Some math definitions for the equations:

$\def\bm#1{\boldsymbol{#1}}$ $\def\textm#1{\textsf{#1}}$ $\def\T{{\mkern-2mu\raise-1mu\mathsf{T}}}}$ $\def\R{\mathbb{R}}$ $\def\E{\rm I\kern-.2em E}$ $\def\w{\bm{w}}$ $\def\bmu{\bm{\mu}}}$ $\def\bSigma{\bm{\Sigma}}}$

What is index tracking?¶

ndex tracking is a portfolio management strategy that aims to replicate the performance of a specific market index.

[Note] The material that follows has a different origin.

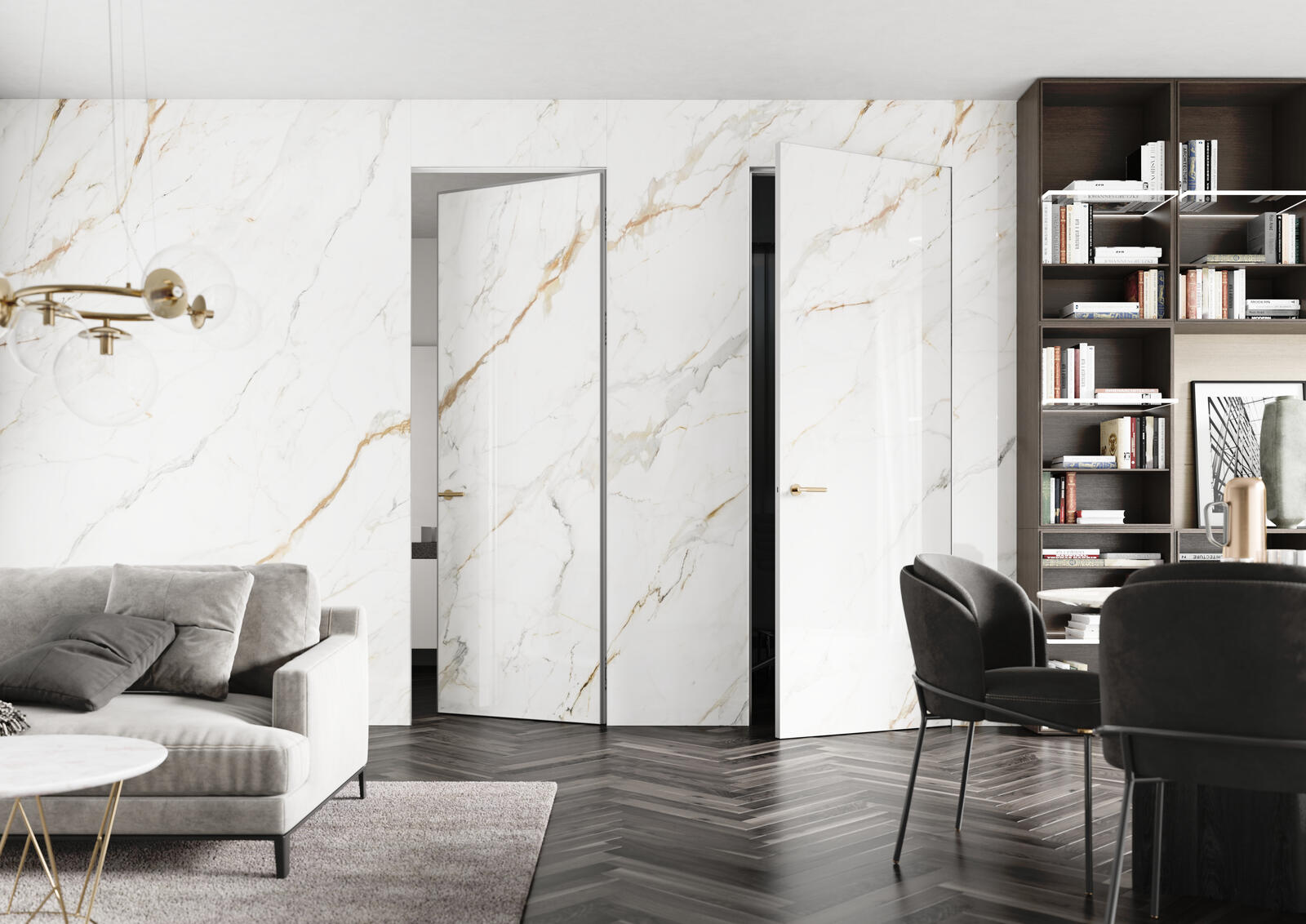 The frame for unique Master doors is made of anodized aluminium profile, which can be sheathed with glass, and MDF panel in a natural, painted or veneer version, a glass with mirror effect, laminates or a magnetic plate. As far as technically possible, we create sheathing based on the customer’s specific request. The inner space between the two claddings is usually filled with extruded polystyrene. We offer Master doors in non-rebated and half-track hinged versions. Fanlight or side window panel option.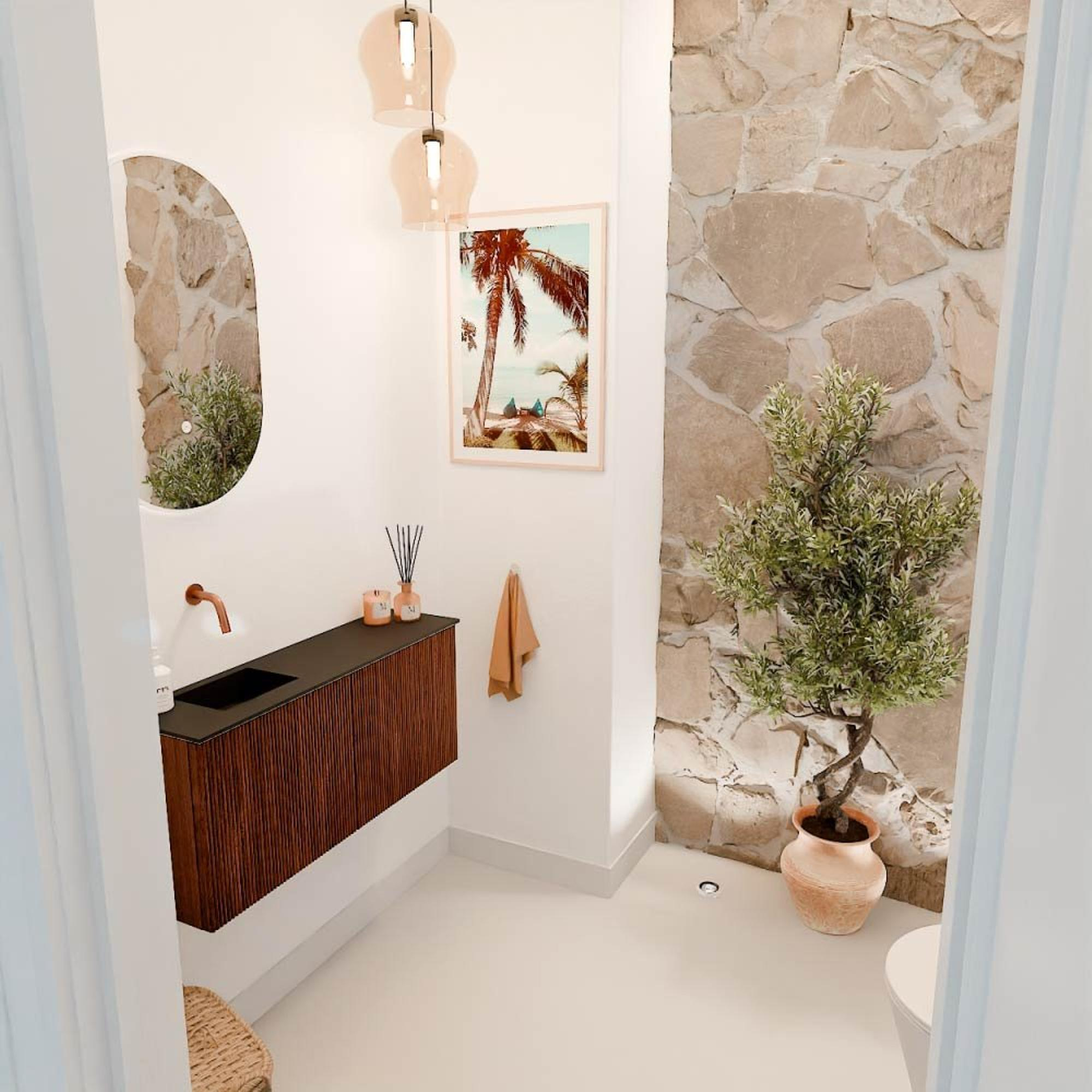 Het meubel valt direct op door het elegante ribbelfront in de warme kleur Ruby, dat een natuurlijke en tijdloze sfeer creëert. De combinatie van massief eikenhout en eikenfineer op de zijkanten geeft het geheel een luxe uitstraling die perfect past in zowel moderne als klassieke badkamers. Door de subtiele details en het hoogwaardige vakmanschap wordt jouw badkamer een plek waar stijl en comfort samenkomen. Dit meubel is een echte blikvanger die jouw interieur naar een hoger niveau tilt.

Let's visualize how the SPDR S&P 500 ETF (SPY) tracks the S&P 500 index:

# Download S&P 500 index and SPY ETF data from Yahoo Finance
SP500_prices = yf.download("^GSPC", start="2007-01-01", end=None)['Close']
SPY_prices = yf.download("SPY", start="2007-01-01", end=None)['Close']

# Combine into a single DataFrame
SP500_SPY_prices = SP500_prices.merge(SPY_prices, left_index=True, right_index=True, how='outer')
SP500_SPY_prices.columns = ['S&P 500', 'SPY']

# Plot the data
plt.figure(figsize=(12, 6))
for col in SP500_SPY_prices.columns:
    plt.plot(SP500_SPY_prices.index, SP500_SPY_prices[col], linewidth=1.0, label=col)

plt.yscale('log')
plt.gca().xaxis.set_major_formatter(mdates.DateFormatter('%Y'))
plt.gca().xaxis.set_major_locator(mdates.YearLocator())
plt.gca().xaxis.set_minor_locator(mdates.MonthLocator())
plt.title("Tracking of S&P 500 index")
plt.ylabel("dollars")
plt.xlabel(None)
plt.legend(title=None)
plt.tight_layout()
plt.show()

YF.download() has changed argument auto_adjust default to True

Sparse index tracking¶

Sparse index tracking is a type of sparse regression problem formulated as $$ \begin{array}{ll} \underset{\w}{\textm{minimize}} & \frac{1}{T}\left\|\bm{r}^\textm{b} - \bm{X}\w\right\|^2_2 + \lambda \|\w\|_0\\ \textm{subject to} & \w \in \mathcal{W}, \end{array} $$ where the matrix $\bm{X}$ contains the returns of the constituent assets, the vector $\bm{r}^\textm{b}$ contains the returns of the index to replicate, the parameter $\lambda$ controls the level of sparsity in the portfolio, and $\mathcal{W}$ is the constraint set which could be $\{\w \mid \bm{1}^\T\w=1, \w\ge\bm{0} \}$.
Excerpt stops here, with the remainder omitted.